Про Сванидзе я даже не упоминал, честно говоря сразу не соображу – о ком речь ?

----------


## Chizh

> А вот это уже серьёзно !!!!!!!!!!!!!!!!!!!!!!!!!!!!!!!!!!!!!!!!!!!!!!!!!!  !!!!!!!!
> **************************************************  *********
> http://www.utro.ru/articles/2010/03/10/879209.shtml
> В Военно-воздушных силах США за знание русского и чеченского языков начали доплачивать по $500 в месяц. Их могут получать не только лица, по роду деятельности свободно владеющие иностранными языками, - разведчики и переводчики, - но и абсолютно все военнослужащие.
> Об этом сообщил полковник Пол Валенсуэла, ответственный за реализацию программы языковой и страноведческой подготовки в ВВС. По его словам, в Пентагоне пришли к выводу, что от умения военных общаться с жителями страны, где проводится боевая операция, напрямую зависит ее успех.
> **************************************************  *********


Они доплачивают не только за русский или чеченский, а вообще за знание иностранного языка. За китайский или африканский тоже доплачивают.
По моему нормальная практика, чтобы мотивировать профессиональный рост и иметь спецов для любого региона мира.

----------


## An-Z

Такова практика в любой нормальной армии, в том числе и нашей... И давайтеж ужеж ближеж к теме, а не то..

----------


## garret

То чт оАмерикосы будут уничтожать иран это ясно и так. 
Ну не могут они  спокойно жить если тучу людей не убьют.
интерестно как и когда это будет.

Мне кажеться есть два варианта.

Первый это удар по иранской АЭС делает Израиль, иран бьет в ответ.
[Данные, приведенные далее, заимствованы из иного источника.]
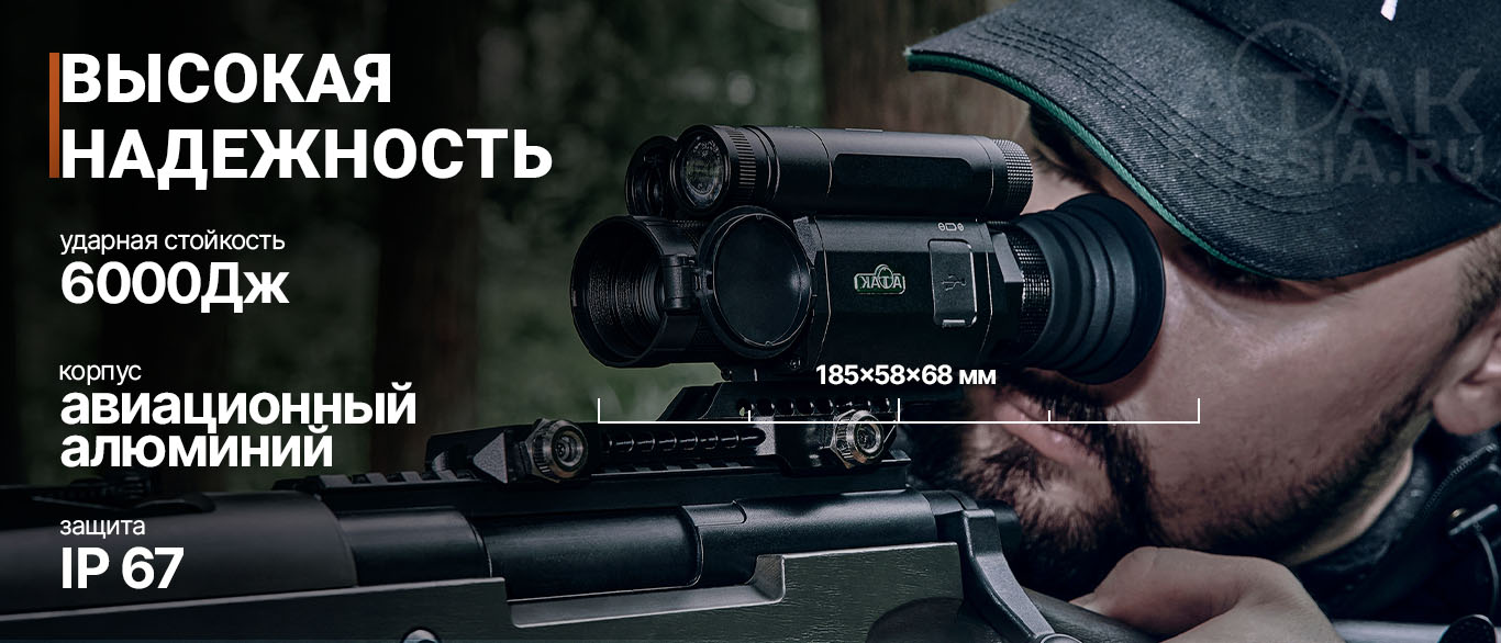Корпус цифрового прицела выполнен из алюминиевого сплава, защита IP67 обеспечивает стойкость к дождю, пыли и кратковременному погружению в воду на глубину до 1 м. Рабочий диапазон температур составляет от -20 до +50°C.
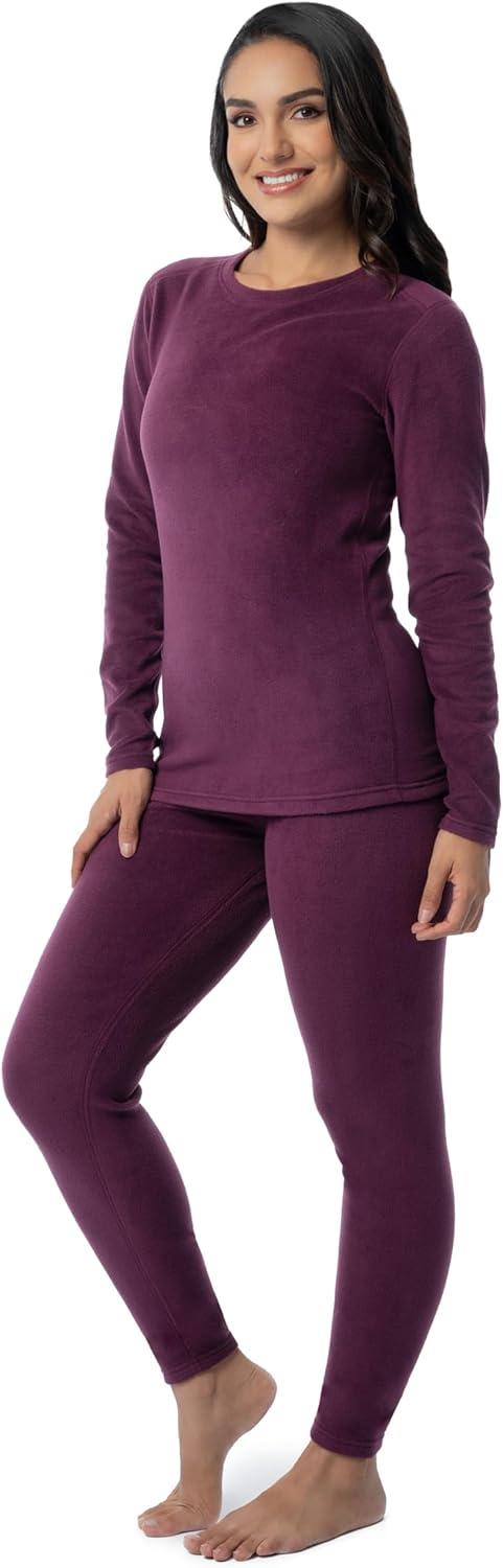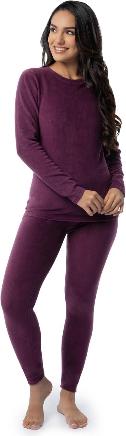 Fruit of the Loom womens Stretch Fleece Lined Thermal Long Johns Underwear Set(Plum)
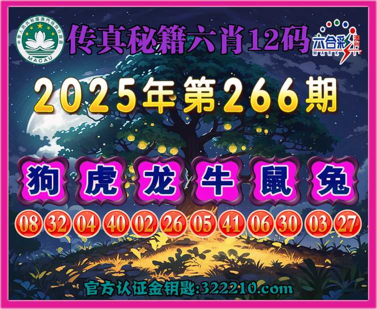 266期: 🚡《传真秘籍》 🚡六肖12码🚡【狗虎龙鼠兔】开:牛41
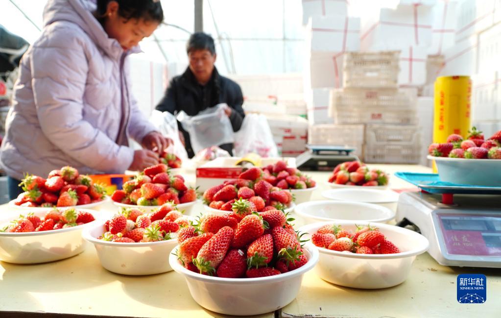 2月16日,在山東省東平縣無鹽村,村民將采摘的草莓進行稱重。
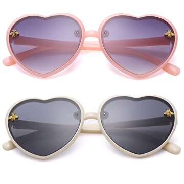 Heart Shaped Sunglasses for Kids | Stylish Cute Bee Frame for Toddlers
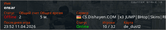 Играет на Counter Strike 1.6 сервере. Страна: ГерманияПервый раз замечен 23:35 11.04.2026
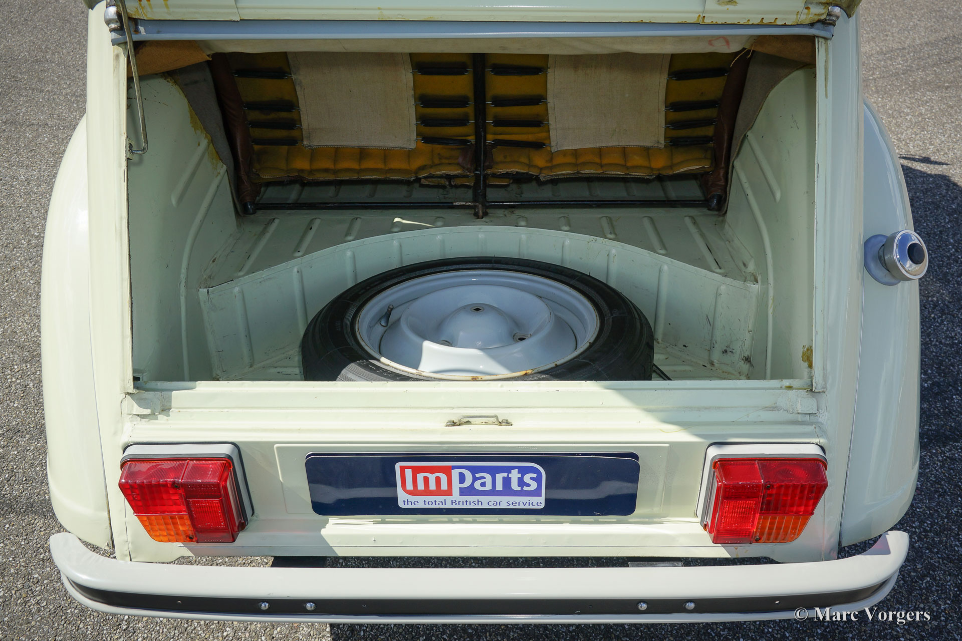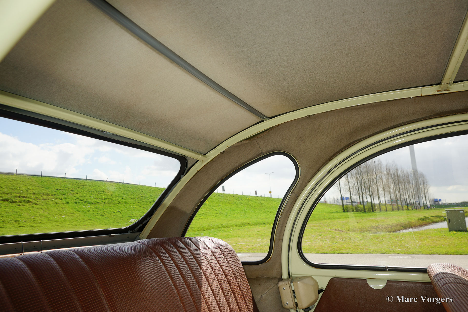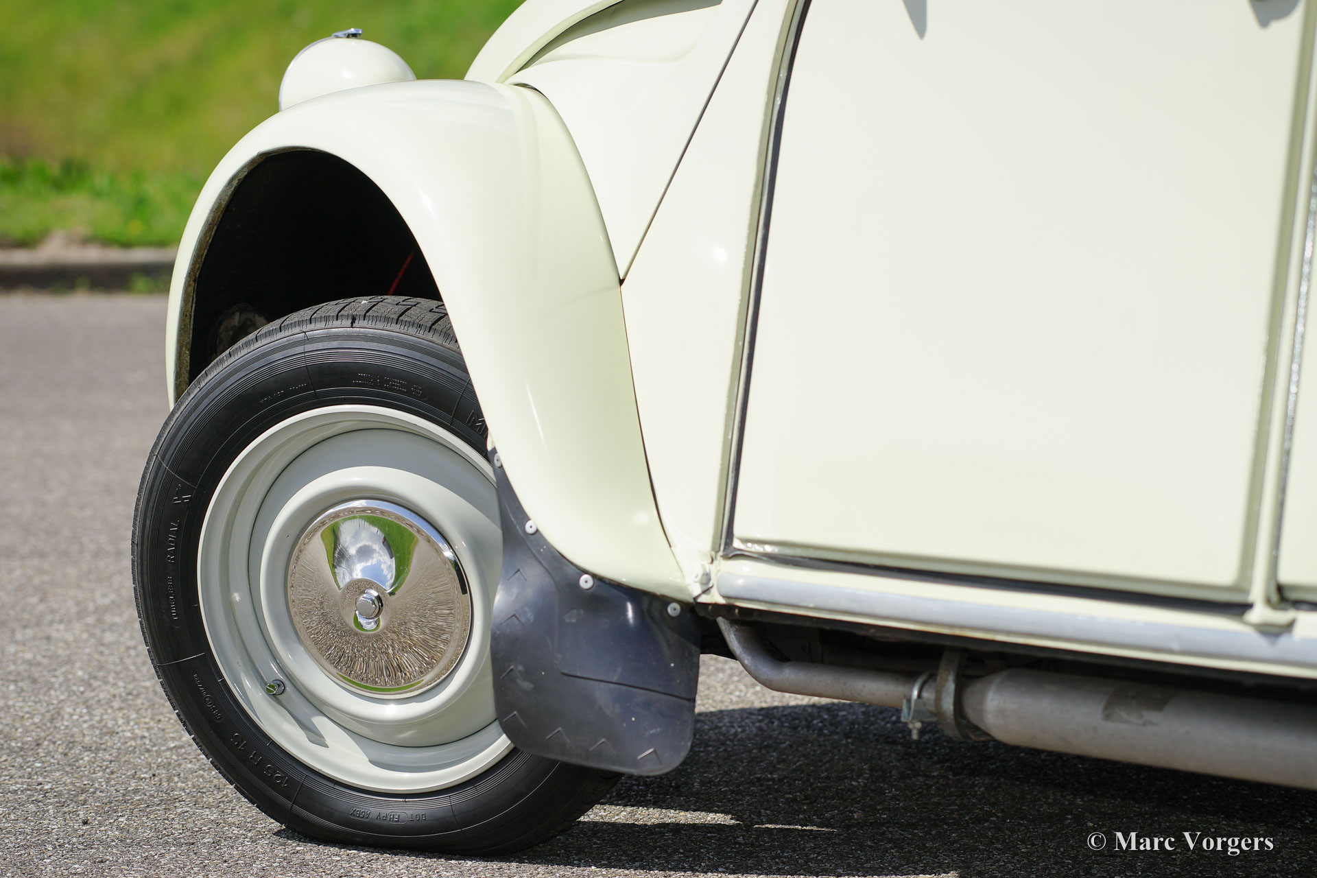 Citroën 2CV4, Jahr 1974. Farbe weißlich mit einem Hauch von hellgrün. Braun Vinyl Interieur mit schwarzem Gummi Teppich. Dieses herrliche 2CV4 ‘Ente‘ wurde ausgiebig und wunderschön restauriert; das Auto ist in einem hervorragenden Zustand. Dieser Citroën zeigt alle ursprünglichen Details und das Auto verfügt über die richtigen Michelin-Reifen. Ein 2CV4 zu fahren, ist immer ein besonderes Erlebnis!
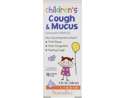 4 жидких унцийОписание добавки NatraBio, Средство от кашля с отхаркивающим действием для детей, ягодный вкус, 120 мл (4 жидк. унции)
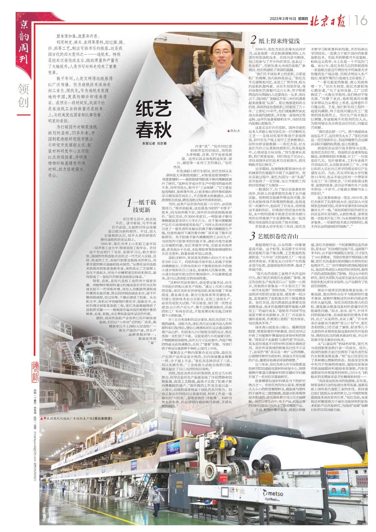 2023年3月16日,《北京日報(bào)》“京韻周刊·領(lǐng)創(chuàng)”專欄以《紙藝春秋》為題,刊發(fā)保利中輕所屬中國制漿造紙研究院研究開發(fā)部副主任、包裝研發(fā)中心主任張紅杰及其團(tuán)隊(duì),為打破國外對制漿造紙助劑的壟斷,持續(xù)研發(fā)植物纖維基綠色環(huán)保材料,助力繪就綠水青山的故事。與大家分享——
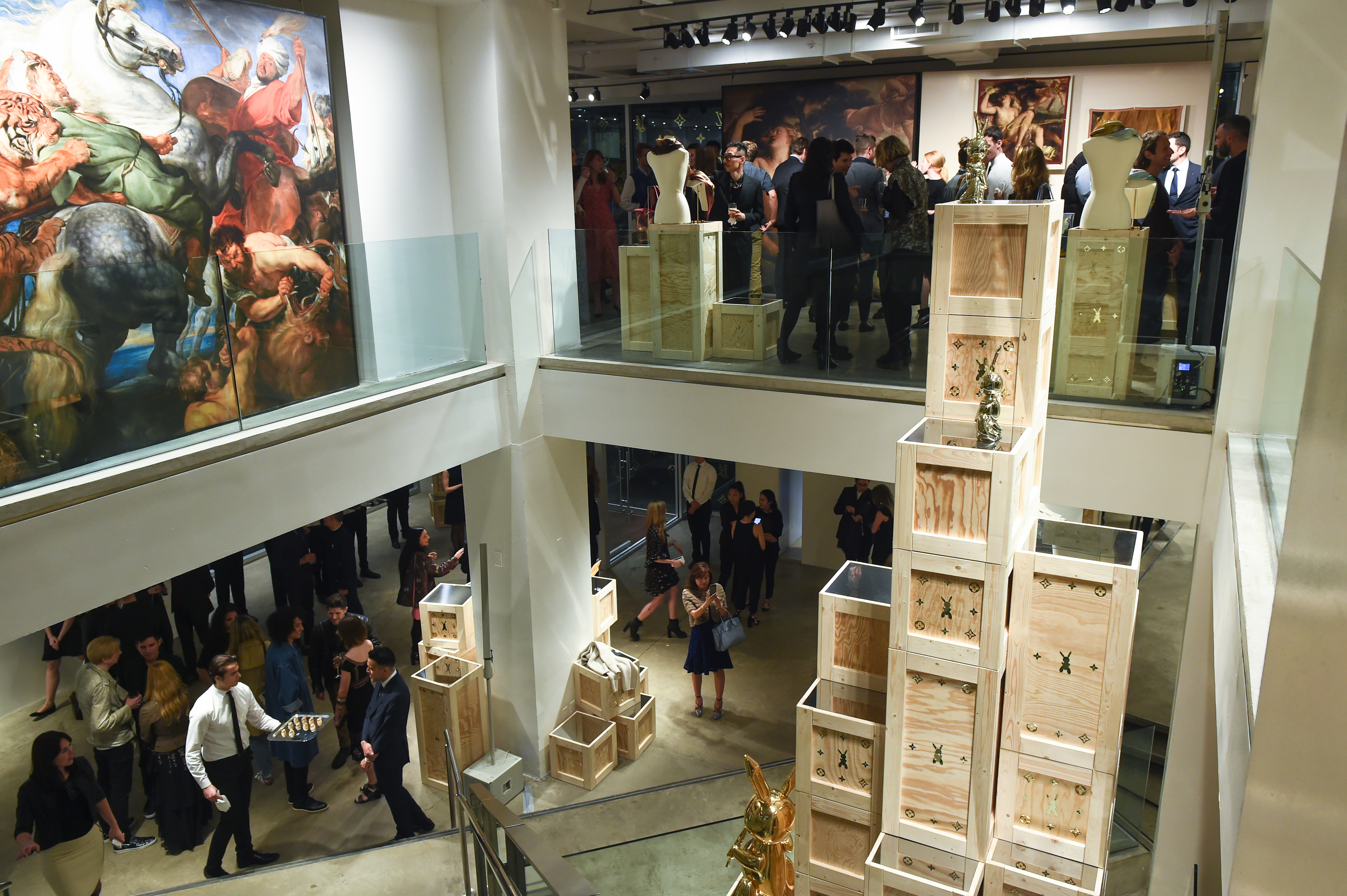 Jeff Koons x Louis Vuitton, the collaboration that’s been getting lots of buzz in the art and fashion worlds, has been brought to life in NYC. Louis Vuitton opened a pop-up location in the former DKNY space on the Upper East Side to exhibit the creations and is allowing customers to purchase them. The collection, which officially launched on April 28, features imagery from Koons’ Gazing Ball paintings, a series of large-scale hand-painted reproductions of masterpieces by da Vinci, Titian, Rubens, Fragonard, and Van Gogh, which have been transposed to iconic Louis Vuitton bags including the Speedy, the Keepall, and the Neverfull.

И тут за своих братьем меньших вступаеться США, фпанция и прочая Германия. И начинают раскатывать Иран вдоль и поперек всеми своими средствами.

Вариант второй. Сначала эмбарго, потом условия, потом томагавки.
Даже если Иран выполнит все условия и пустит на свои обьекты всех и все, все равно его будут бомбить.

А вот когда это интерестно. Мне кажеться что это будет перед выборами президента США. В любом случае обоим кандидатам придеться поддержать удар по Ирану, также как они поддержали и 8.8.8.

----------


## APKAH

Будут ли американцы использовать ближневосточные аэродромы для нанесения ударов по Ирану?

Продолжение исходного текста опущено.